In telecommunications (my original background), noise is any interference that corrupts the signal. In Supply Chain, “noise” is dirty data.

If you don’t filter the noise before planning demand, you’re immobilizing capital. An undetected outlier is money on fire. If your algorithm sees a false spike of 100,000 units, it will order raw materials you don’t need, burning cash and taking up warehouse space. Data hygiene is not ‘cleaning’, it’s protecting your operating margin.

The Visual Evidence

Before seeing a single line of code, look at the difference between what your ERP exports (top) and the statistical reality of your demand (bottom).

Data Hygiene Impact Top: Raw data with human errors. Bottom: The clean signal ready for AI algorithms.

The Solution: “Quality Valve” Architecture

To solve this, we apply First Principles Thinking. We don’t need to “be more careful” with Excel. We need a system that mathematically prohibits the entry of dirty data into our “Single Source of Truth.”

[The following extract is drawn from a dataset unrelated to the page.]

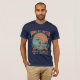 Catch the ultimate wave with this stunning retro Hawaiian surf graphic tee. Featuring a bold surfer riding a massive curling ocean wave under a glowing sunset, framed in a rope circle badge with tiki masks, seashells, and tropical palm trees — all rendered in that gorgeous faded vintage surf style.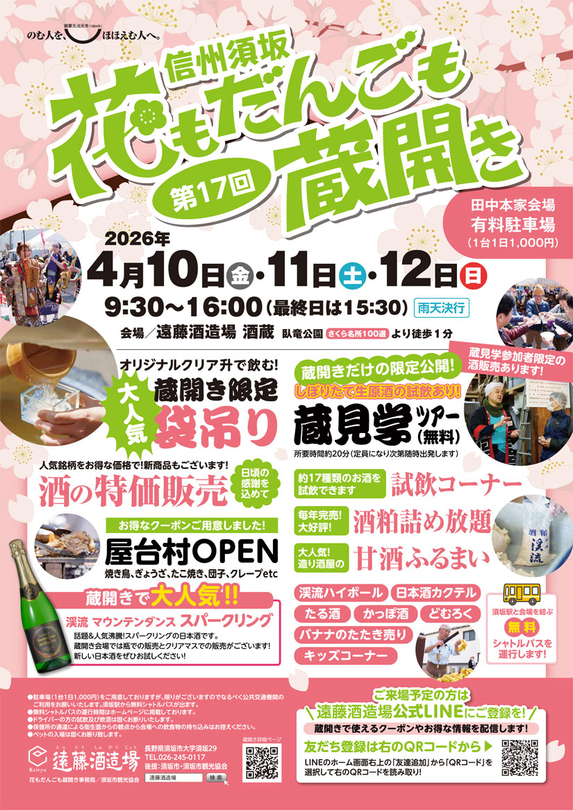 2026年4月10日(金)から4月12日(日)に長野県須坂市の臥竜公園近くにある「遠藤酒造場 臥竜蔵」で、『第17回信州須坂 花もだんごも蔵開き』が開催。桜の季節に合わせて、日本酒の試飲や屋台村の出店など、見て飲んで食べて楽しめる毎年恒例のイベント。普段は立ち入れない酒蔵の内部を見学する「蔵見学ツアー」や約17種類のお酒を試飲できる「試飲コーナー」、「酒粕詰め放題」、「甘酒ふるまい」など酒蔵ならではの催しも行われます。

We’ve designed an automated pipeline with the following stack:

Brain: Python (Pandas + Scipy) for statistical logic.
Warehouse: Supabase (PostgreSQL) as the “Single Source of Truth.”
Agent: A script that runs automatically when new files arrive.

The Code: Statistics > Intuition

We don’t use fixed rules (“if greater than 1000, delete”). We use statistics. We implement the Z-Score, which measures how many standard deviations a data point is from the mean.

If a sale has a Z-Score > 3 (it’s more than 3 sigmas from normality), it’s mathematically unlikely to be standard behavior. The system doesn’t delete it (it could be a real sale), but it flags it for audit and excludes it from automatic prediction.

Note: We use Z-Score assuming normality to simplify this example. In production scenarios with intermittent demand, we use methods like IQR (Interquartile Range) or MAD (Median Absolute Deviation) which are more robust for non-Gaussian distributions.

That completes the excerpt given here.